In other cases, Frese has called such a sentence "The Frese Special." Frese declined to be interviewed for this story, but in other cases, the judge has said ordering prison as a condition of probation allows him more control over an inmate's rehabilitation.
Under Indiana statute, up until one year after sentencing, a judge has discretion over whether to grant post-conviction petitions for sentence modifications. After a year, the judge still has that discretion, but the prosecutor must agree that a sentence modification request deserves a hearing in order for it to even reach the judge.
But a judge does not need a prosecutor's consent to change terms of probation.
"It seems like a way of extending the judge's ability to determine the offender's length of sentence," said Ryan Scott, associate professor at the Maurer School of Law at Indiana University Bloomington. "He's on rock-solid legal ground."
Scott and other legal experts said they know of no other judge in the state who orders such sentences, but they are allowed by Indiana statute.
Indiana appellate courts also have affirmed the legality of "The Frese Special."
Larry Landis, executive director of the Indiana Public Defenders Council, said he thinks it could have some value in giving an offender an incentive to behave in prison and do things to better himself while there.

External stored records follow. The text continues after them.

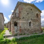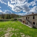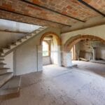 This part restored hamlet is located in a flat area near Città di Castello, just 600 metres from a small village with essential services. The property covers over 700 square meters and has been structurally consolidated, offering a blank canvas for customization. The buildings are surrounded by a fully fenced garden of 7,000 square metres (1.7 acres) with a gated entrance.
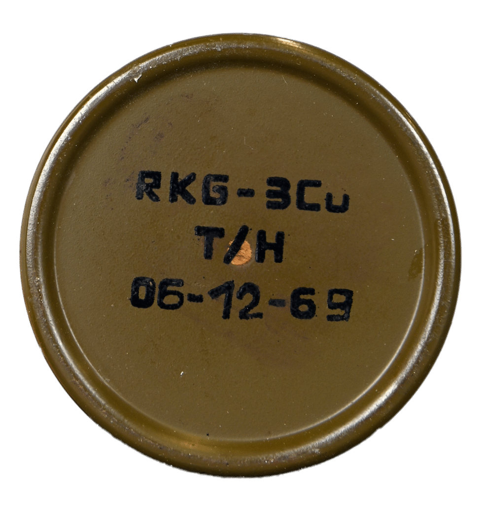 The RKG-3 (Ruchnaya Kumulyativnaya Granata model 3, meaning “Hand Cumulative Grenade model 3”) is a Soviet-designed anti-tank hand grenade featuring a shaped charge (HEAT – High Explosive Anti-Tank) warhead. Distinguished by its unique aerodynamic stabilization system with a fabric drogue parachute, the RKG-3 represents an innovative approach to infantry anti-armor warfare. Designed for use against armored vehicles, fortifications, and hardened targets, the RKG-3 employs a hollow-charge principle to defeat armor through a focused jet of superheated metal rather than traditional fragmentation.
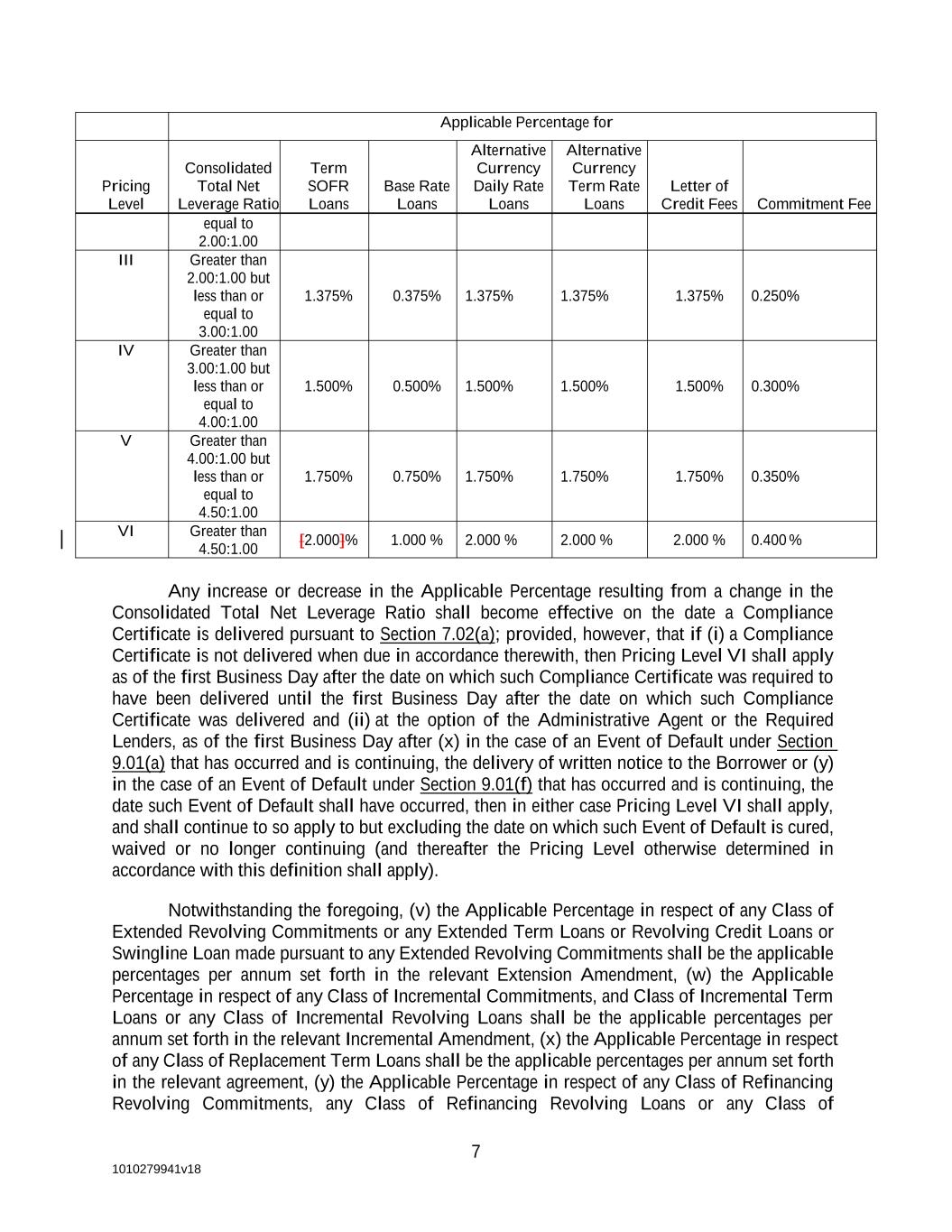 7 1010279941v18 1.375% Alternative Currency Term Rate Loans 0.250% Letter of Credit Fees IV Pricing Level Greater than 3.00:1.00 but less than or equal to 4.00:1.00 Commitment Fee 1.500% 0.500% 1.500% 1.500% Consolidated Total Net Leverage Ratio 1.500% equal to 2.00:1.00 0.300% V Greater than 4.00:1.00 but less than or equal to 4.50:1.00 1.750% 0.750% 1.750% 1.750% 1.750% 0.350% III Term SOFR Loans VI Greater than 2.00:1.00 but less than or equal to 3.00:1.00 Greater than 4.50:1.00 Applicable Percentage for [2.000]% 1.375% 1.000 % Base Rate Loans 2.000 % 0.375% 2.000 % 2.000 % 1.375% 0.400 % Alternative Currency Daily Rate Loans Any increase or decrease in the Applicable Percentage resulting from a change in the Consolidated Total Net Leverage Ratio shall become effective on the date a Compliance Certificate is delivered pursuant to Section 7.02(a); provided, however, that if (i) a Compliance Certificate is not delivered when due in accordance therewith, then Pricing Level VI shall apply as of the first Business Day after the date on which such Compliance Certificate was required to have been delivered until the first Business Day after the date on which such Compliance Certificate was delivered and (ii) at the option of the Administrative Agent or the Required Lenders, as of the first Business Day after (x) in the case of an Event of Default under Section 9.01(a) that has occurred and is continuing, the delivery of written notice to the Borrower or (y) in the case of an Event of Default under Section 9.01(f) that has occurred and is continuing, the date such Event of Default shall have occurred, then in either case Pricing Level VI shall apply, and shall continue to so apply to but excluding the date on which such Event of Default is cured, waived or no longer continuing (and thereafter the Pricing Level otherwise determined in accordance with this definition shall apply). Notwithstanding the foregoing, (v) the Applicable Percentage in respect of any Class of Extended Revolving Commitments or any Extended Term Loans or Revolving Credit Loans or Swingline Loan made pursuant to any Extended Revolving Commitments shall be the applicable percentages per annum set forth in the relevant Extension Amendment, (w) the Applicable Percentage in respect of any Class of Incremental Commitments, and Class of Incremental Term Loans or any Class of Incremental Revolving Loans shall be the applicable percentages per annum set forth in the relevant Incremental Amendment, (x) the Applicable Percentage in respect of any Class of Replacement Term Loans shall be the applicable percentages per annum set forth in the relevant agreement, (y) the Applicable Percentage in respect of any Class of Refinancing Revolving Commitments, any Class of Refinancing Revolving Loans or any Class of 1.375%
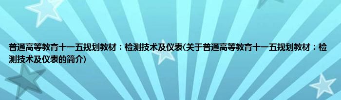 1、 《普通高等教育十一五规划教材检测技术及仪表》是2010年中国电力出版社出版的图书。

"A lot of judges would just give a guy 20 years executed, so compared to an executed sentence, this gives a person an incentive toward rehabilitation ... they can see a future. But if they have a 20-year sentence and they have to do 10 (with day-for-day good time credit), it's pretty easy just to sit there and mope and do nothing, do dead time."
But Landis also sees negatives.
"The downside is there is probably no set criteria on what you have to do to get out of this limbo ... such as get your GED or receive substance abuse counseling ... then it could be cruel to say, 'I might modify your sentence but I'm not going to tell you what you have to do for me to modify' ... it gets a little arbitrary."
It's that subjectivity and judicial discretion that Hertel says has kept him behind bars longer than Frese said he would be there.
At his sentencing, Frese told Hertel, "If you earn your way out by applying yourself," he would consider releasing him "very quickly, relatively speaking ... in a year or two years," according to a transcript of the hearing.
But just two months shy of three years later, Hertel remains in prison. In fact, his freedom has become more restricted.
In February 2010, the Department of Correction moved him from a low-security dorm setting at Westville Correctional Facility to the high-security Miami Correctional Facility prison cell, where he remains.
In March 2009, while Hertel was at Westville, three prisoners with lengthy sentences escaped from the Branchville Correctional Facility in Tell City. In the wake of the escape, the DOC instituted a new policy prohibiting inmates with sentences longer than eight years from being housed in low-security prisons.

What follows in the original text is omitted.